Ouviram todas, em uníssono, que somos fortuitos e inconstantes; que amamos a vida apenas por instantes e que o amar uma mulher se desfaz logo após a cópula. Ouviram todas, em uníssono, que somos canibais, movidos apenas por atitudes carnais que se refletem na alegoria que compomos, entre amigos, relatando todos os gemidos delas, todos os ais.
Madalena não era amiga de Serafina. Conheceram-se por acaso numa festa inquietante onde o som da música, no alto-falante, impedia o refletir da consciência reprimida e limitada pelas ondas de cada vibração – eram vibrações alucinantes com reflexos irritantes que se findariam numa cama, na mesma cama dos gemidos repartidos agora numa mesa de bar.

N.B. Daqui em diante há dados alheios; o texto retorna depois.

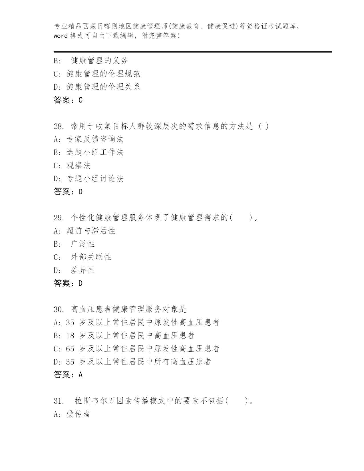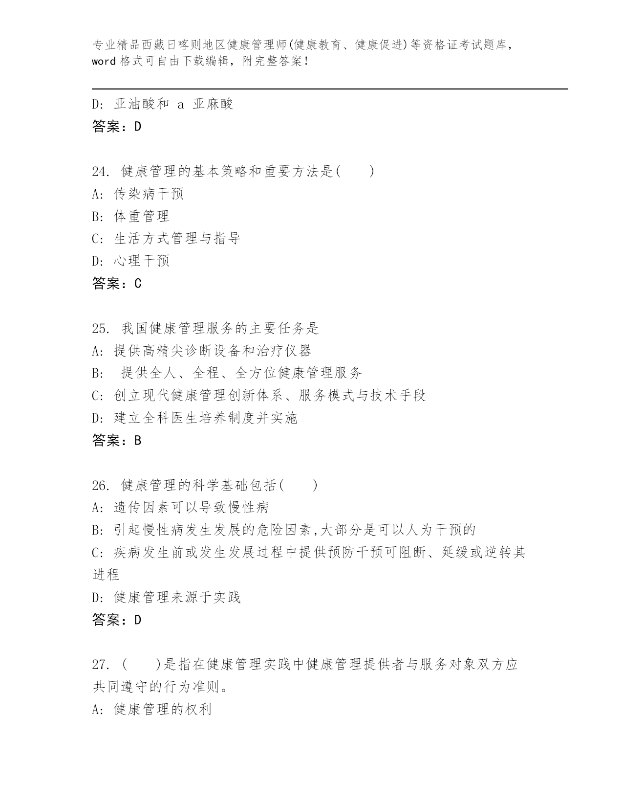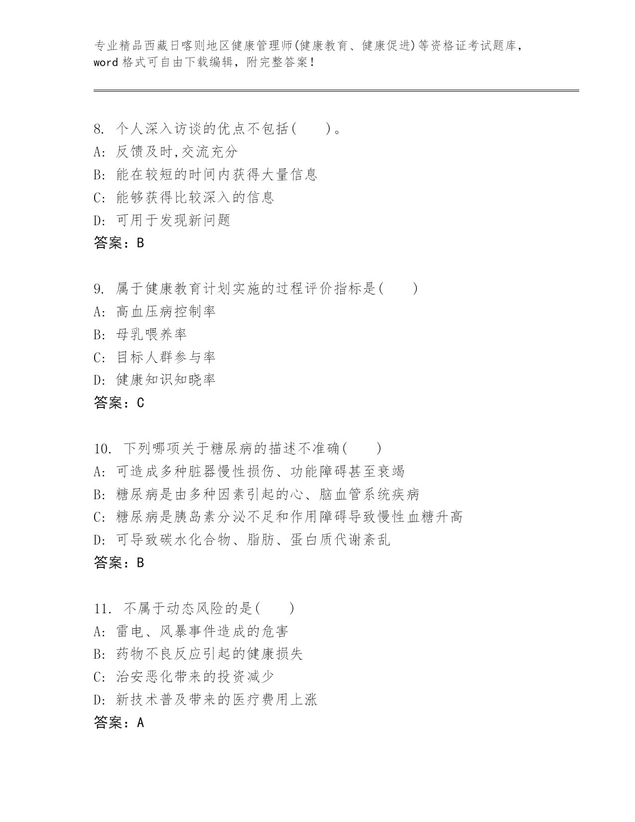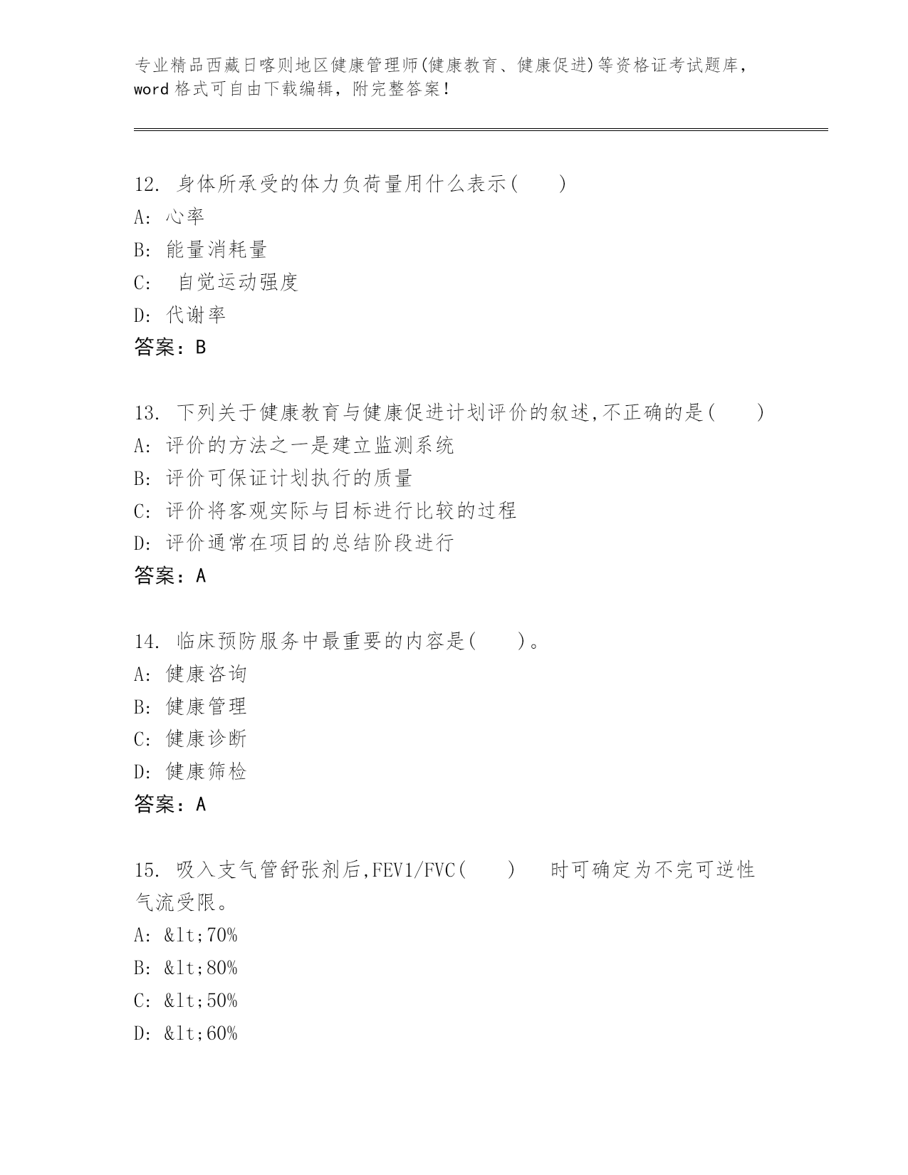 优选西藏日喀则地区健康管理师(健康教育、健康促进)等资格证考试精选题库精品(夺冠系列)

Serafina era mãe de Bernadete. Aconselhava sempre a filha: ‘Não caia em qualquer flerte!’. Ser caçada, entretanto, na visão de Maria, era mais que ser um prato diante da freguesia. Era sentir-se entregue, corpo e alma, revelando-se e se despindo toda.
Joaquina tinha o seu João. Bernadete o seu José. Serafina era de Pedro e Madalena de outra mulher. Todas mulheres. Todas amadas. Todas felizes!
Hoje, depois de tantos aconselhamentos, Madalena, Serafina, Bernadete e Maria já não existem mais. Joaquina e João deixaram Mateus. Bernadete e José deixaram Augusto. Serafina e Pedro nos deixaram o lindo Lucas e Madalena não quis engravidar.
Mateus é de Priscila. Augusto é de Dasdores. Lucas é de Amanda. De Madalena nada mais se pode falar.
Mateus, Augusto e Lucas nunca se conheceram. Estavam todos ilhados feito agulha num palheiro. Mesmo assim, pela força da construção, serviram como pano de fundo da descendência refletida na escuridão.
Os filhos de Mateus e Lucas estão hoje na mesma escola. Ouvem as mesmas palestras, escutam as mesmas histórias... Numa das recentes avaliações tiveram como tema ‘O valor da construção’. Mateus era homem das exatas e lembrou-se de uma edificação; Lucas era artista e lembrou-se de uma composição. Expuseram seus argumentos num papel que tudo aceita. O professor, um filósofo, esbarrou logo na entrada do prédio de Mateus, mas se maravilhou com a viagem imaterial da composição metafísica de Lucas.
Dia da entrega das avaliações. Diz o professor:
– Lucas?
– Sim, professor!
– Dez!
– Mateus?
– Sim, professor!
– Dez!
Hoje, neste instante, realiza-se o aniversário do neto de Lucas, um engenheiro que adora a arte das artes: a vida!
Nijair Araújo Pinto
Juazeiro do Norte-CE, 12 de junho de 2009.